The children in the intervention arm were given once-weekly AZM. “Dosing was by participant weight: 10 to 19.9 kg, 250 mg; 20 to 29.9 kg, 500 mg; 30 to 39.9 kg, 750 mg; and 40 kg or more, 1,250 mg,” Ferrand and colleagues wrote.

The mean difference in FEV1 z score was the primary outcome, with AREs, all-cause hospitalizations, mortality, and weight-for-age z score as the secondary outcomes.

“The mean difference in FEV1 z score was 0.06 (95%CI, −0.10 to 0.21; P = 0.48) higher in the azithromycin group than in the placebo group, a nonsignificant difference,” Ferrand and colleagues wrote. “The rate of AREs was 12.1 events per 100 person-years in the azithromycin group and 24.7 events per 100 person-years in the placebo groups (hazard ratio, 0.50; 95% CI, 0.27 to 0.93; P = 0.03).”

There were 1.3 hospitalization events per 100 person-years in the azithromycin group versus 7.1 per 100 person-years in the placebo group, again not significant (hazard ratio, 0.24; 95% CI, 0.06 to 1.07; P = 0.06).

“The mean weight-for-age z score was 0.03 (95% CI, −0.08 to 0.14; P = 0.56) higher in the azithromycin group than in the placebo group, although the difference was not significant,” the study authors noted.

Three deaths occurred in the placebo group, and the researchers reported that there were no severe drug-related adverse events. The participants in the azithromycin group did have more gastrointestinal symptoms, but they were minor and resolved quickly.

Limitations of the study include the higher loss to follow-up in the placebo group and that, since spirometry is “operator-dependent,” there could possibly be errors in FEV measurement, the study authors noted.

While the primary outcome of this trial was not met, the study authors noted that azithromycin may still have a place in treating this patient population.

“AZM has previous proven efficacy for treating a variety of chronic lung diseases, is safe, and is well tolerated,” Ferrand and colleagues noted in their conclusion. “Future research should identify patient groups who would benefit most from this intervention, optimum treatment length and dosing schedules, and sustainability of treatment effect.”

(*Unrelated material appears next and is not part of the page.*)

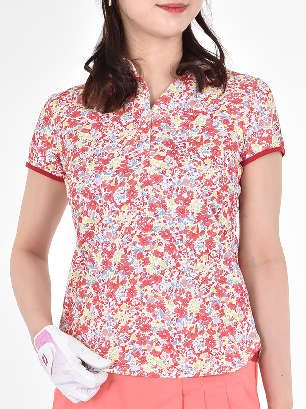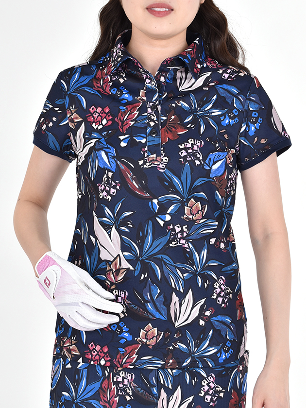 大きな柄でも大人っぽい配色で派手になりすぎない上品な佇まいのシャツに仕上がりました。盛夏のシーズンに嬉しい吸汗速乾機能とUPF15効果を備えています。袖口を無地で切り替えて引き締まった印象にしました。リゾートテイストなデザインなのでゴルフをはじめ、レジャーやアウトドア、旅行などでも活躍します。程よく身体にフィットしたナチュラルなシルエットで裾をインしてもアウトでラフに着崩しても綺麗に着こなせるのが特徴的なシャツです。同柄のスカート(241-1128813)とのセットアップコーディネートも楽しめます。

  1. Giving children, who are already on antiretroviral therapy (ART) and have HIV-associated chronic lung disease (HCLD), a once-weekly dose of azithromycin (AZM) was associated with reduced acute respiratory exacerbations (AREs); however, the drug did not improve lung function, according to results from a randomized study.

  2. The children given AZM also experienced fewer hospitalizations; however, this was not seen as statistically significant in the study.

Candace Hoffmann, Managing Editor, BreakingMED™

The study was funded through the Global Health and Vaccination Programme of the Norwegian Research Council.

Ferrand disclosed no relevant relationships.